Windy City Timesheater: Nina Simone: The High Priestess Speaks
by Mary Shen Barnidge
Playwright: Ebony Joy
At: Black Ensemble Theater at the Hull House, 4520 N. Beacon St.
Phone: ( 773 ) 769-4451; $35
Runs through: open run
What was originally announced as Black Ensemble Theater’s “Season of Women” is now in its SECOND season because, as artistic director Jackie Taylor marveled, “you all won’t let us close these shows!”. If the opening-night response to its latest biodrama is any indication, another one can unpack its bags and settle in for a long stay.

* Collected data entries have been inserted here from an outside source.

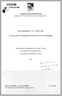 H 1 Département de la Meuse. Connaissance et maîtrise des ressources en eau souterraine. Recensement et diagnostic des forages d'essai et piézomètres du département. Arrondissement de Bar le Duc.
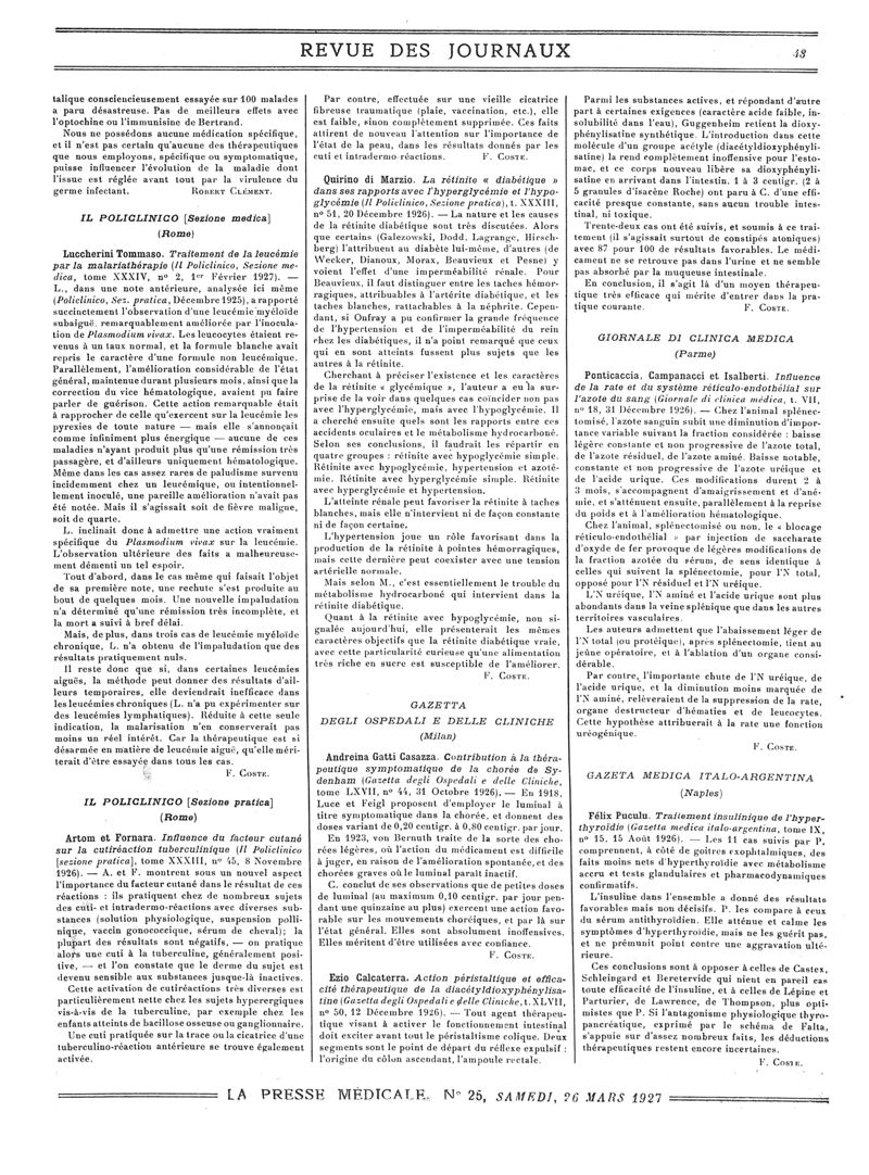1927, Revue des journaux. -
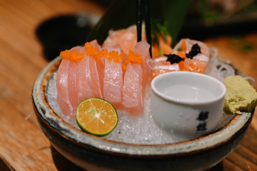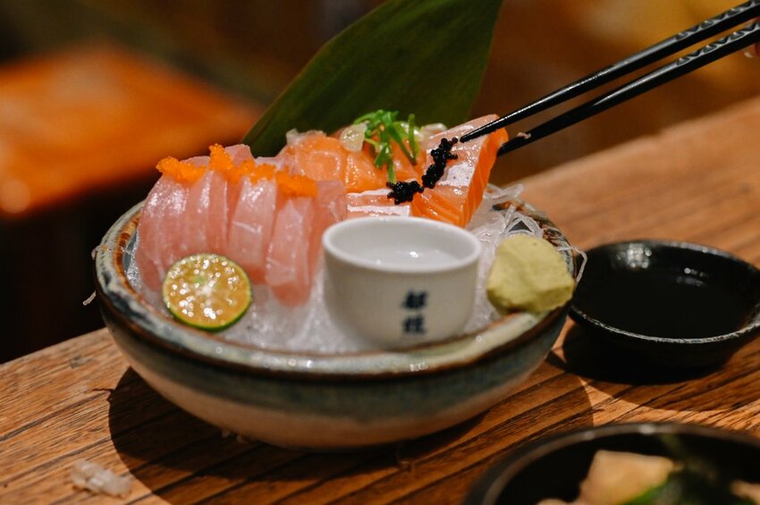 海產都是來自基隆崁仔頂,每日提供的現貨不一定,但保證非常新鮮,生魚片切的很厚實配點哇沙米就超對味。

As recounted in Ebony Joy’s elegant script ( clocking in at a sleek two hours with one intermission ) , Simone’s story was not your run-of-the-mill diva’s CV. For one, Eunice Kathleen Waymon was recognized early as a prodigy, studying piano at Julliard with the financial assistance of a ( white ) benefactor, but barred from admission to the Curtis Conservatory. For another, her mother, an ordained Methodist minister, disapproved of secular music—the impetus behind the daughter taking a stage name for her career as a jazz musician—while her FATHER encouraged her to find her own voice. And later, after she made clear that she would not tolerate a single episode of drunken abuse, her roistering husband-to-be vowed to change his ways—and DID.

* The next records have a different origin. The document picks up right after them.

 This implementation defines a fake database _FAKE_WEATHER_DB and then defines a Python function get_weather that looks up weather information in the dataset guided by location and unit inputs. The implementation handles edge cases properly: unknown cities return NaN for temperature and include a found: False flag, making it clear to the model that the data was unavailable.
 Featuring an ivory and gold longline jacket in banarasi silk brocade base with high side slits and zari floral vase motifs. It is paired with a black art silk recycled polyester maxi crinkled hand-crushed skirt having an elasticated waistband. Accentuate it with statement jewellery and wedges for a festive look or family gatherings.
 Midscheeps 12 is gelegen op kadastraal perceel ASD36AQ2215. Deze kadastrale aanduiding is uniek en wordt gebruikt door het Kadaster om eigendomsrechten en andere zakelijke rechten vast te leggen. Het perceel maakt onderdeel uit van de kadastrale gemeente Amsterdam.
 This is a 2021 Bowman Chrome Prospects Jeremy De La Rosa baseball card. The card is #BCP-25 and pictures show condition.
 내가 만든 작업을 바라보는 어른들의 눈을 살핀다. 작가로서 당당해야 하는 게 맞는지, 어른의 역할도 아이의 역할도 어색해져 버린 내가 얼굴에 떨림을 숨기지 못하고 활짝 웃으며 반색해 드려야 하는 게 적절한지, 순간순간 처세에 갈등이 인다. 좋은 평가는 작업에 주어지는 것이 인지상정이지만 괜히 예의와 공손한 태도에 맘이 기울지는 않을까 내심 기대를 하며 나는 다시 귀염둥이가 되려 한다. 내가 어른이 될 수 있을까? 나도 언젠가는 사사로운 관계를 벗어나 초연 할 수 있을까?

But it’s not just these deviations from stereotype that distinguished Nina Simone from the sex kittens and hot mamas dominating popular entertainment in the 1950s. To be sure, during the course of the show, she sings hip-wigglers ( “My Chauffeur” ) , torchers ( “Tell Me More” ) , gospel hymns ( “Go Where I Send You” ) and rip-snorter blues ( “I Put A Spell On You” ) . But her legacy lies in the songs she wrote after becoming radicalized by Lorraine Hansberry ( along with Langston Hughes and James Baldwin, here portrayed as a pair of smug egoists ) —most notably the angry “Mississippi Goddam,” with its deceptively Broadway beat. ( “This is a show tune,” she confides to her audience, “but the show hasn’t been written yet.” )

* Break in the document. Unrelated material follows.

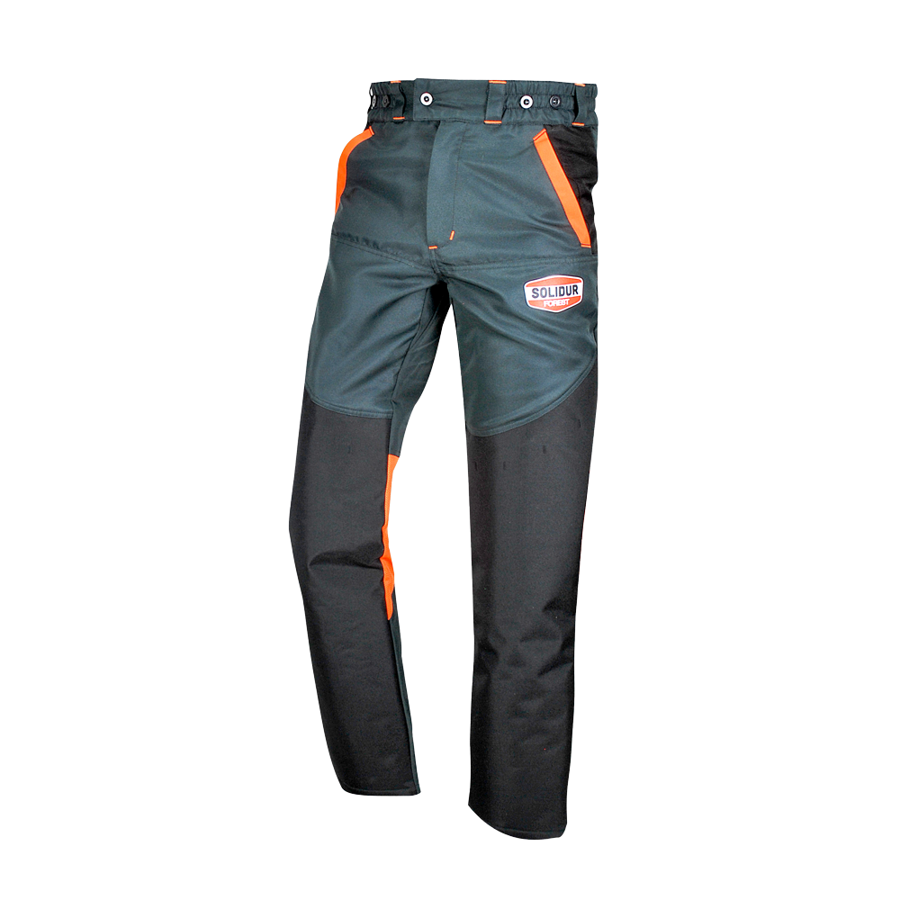 Pantalon de protection pour le débroussaillage avec un renfort en mousse haute densité de 5 mm sur les tibias.

“If there was one thing the ‘60s taught me, it was self-respect!” Though Simone died in 2003, so wholly does Yahdina U’deen ( formerly performing as Phyliss Overstreet ) immerse herself in her persona, her rolling contralto enhanced by Jimmy Tillman’s orchestra ( especially by stunt-double pianist Derrick Bounds ) and an ensemble performing Ruben D. Echoles’s expressive dances, you’d think it was the High Priestess herself speaking.